● **GIVEN INFORMATION**

--------------------------------

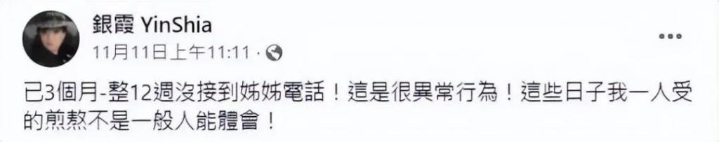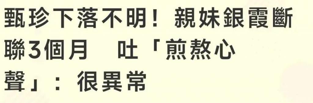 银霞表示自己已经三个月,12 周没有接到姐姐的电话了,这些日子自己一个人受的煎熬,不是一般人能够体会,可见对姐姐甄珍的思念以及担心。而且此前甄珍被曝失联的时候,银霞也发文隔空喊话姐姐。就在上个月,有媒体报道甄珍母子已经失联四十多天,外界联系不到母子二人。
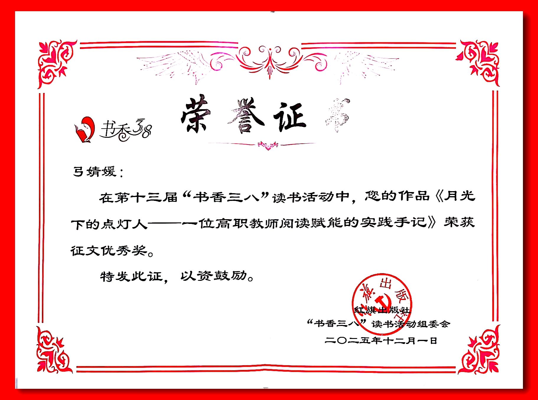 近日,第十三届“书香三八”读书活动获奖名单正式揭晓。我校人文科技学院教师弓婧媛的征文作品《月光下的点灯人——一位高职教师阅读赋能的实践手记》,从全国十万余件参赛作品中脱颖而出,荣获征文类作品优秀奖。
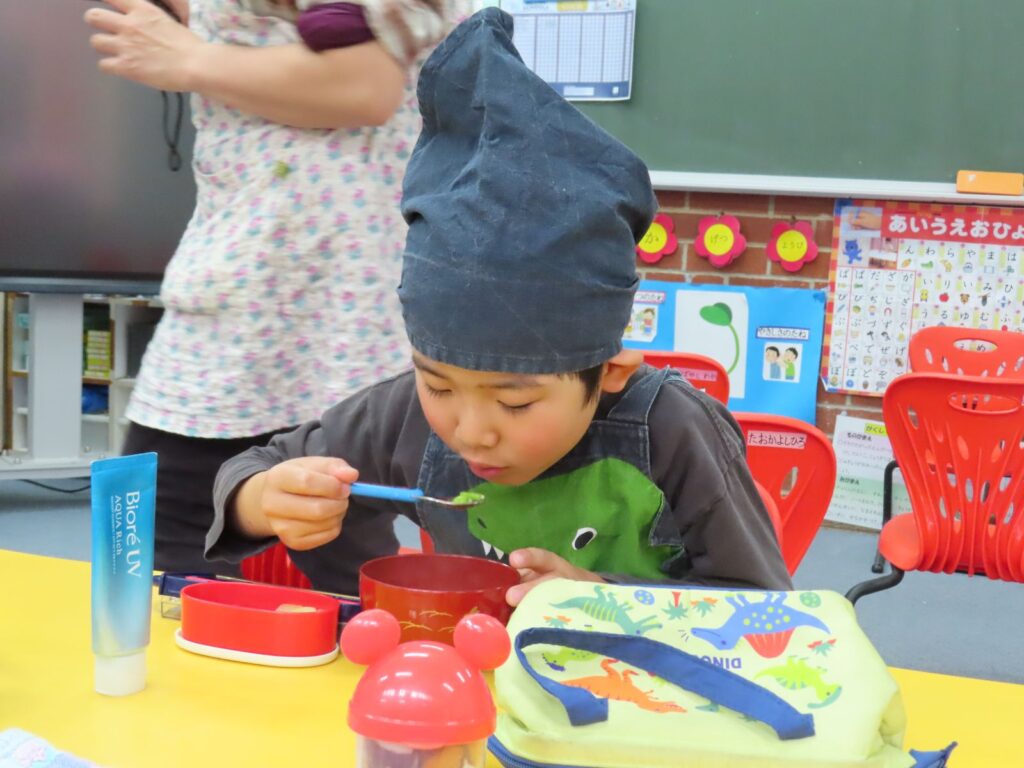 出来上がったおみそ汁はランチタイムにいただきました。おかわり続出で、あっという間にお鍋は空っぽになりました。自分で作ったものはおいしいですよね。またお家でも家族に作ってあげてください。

--------------------------------

● **TASK DIRECTIONS**
Skipping all images, output the listing exactly.

● **RESULT FOR THIS EXERCISE**
 银霞表示自己已经三个月,12 周没有接到姐姐的电话了,这些日子自己一个人受的煎熬,不是一般人能够体会,可见对姐姐甄珍的思念以及担心。而且此前甄珍被曝失联的时候,银霞也发文隔空喊话姐姐。就在上个月,有媒体报道甄珍母子已经失联四十多天,外界联系不到母子二人。
 近日,第十三届“书香三八”读书活动获奖名单正式揭晓。我校人文科技学院教师弓婧媛的征文作品《月光下的点灯人——一位高职教师阅读赋能的实践手记》,从全国十万余件参赛作品中脱颖而出,荣获征文类作品优秀奖。
 出来上がったおみそ汁はランチタイムにいただきました。おかわり続出で、あっという間にお鍋は空っぽになりました。自分で作ったものはおいしいですよね。またお家でも家族に作ってあげてください。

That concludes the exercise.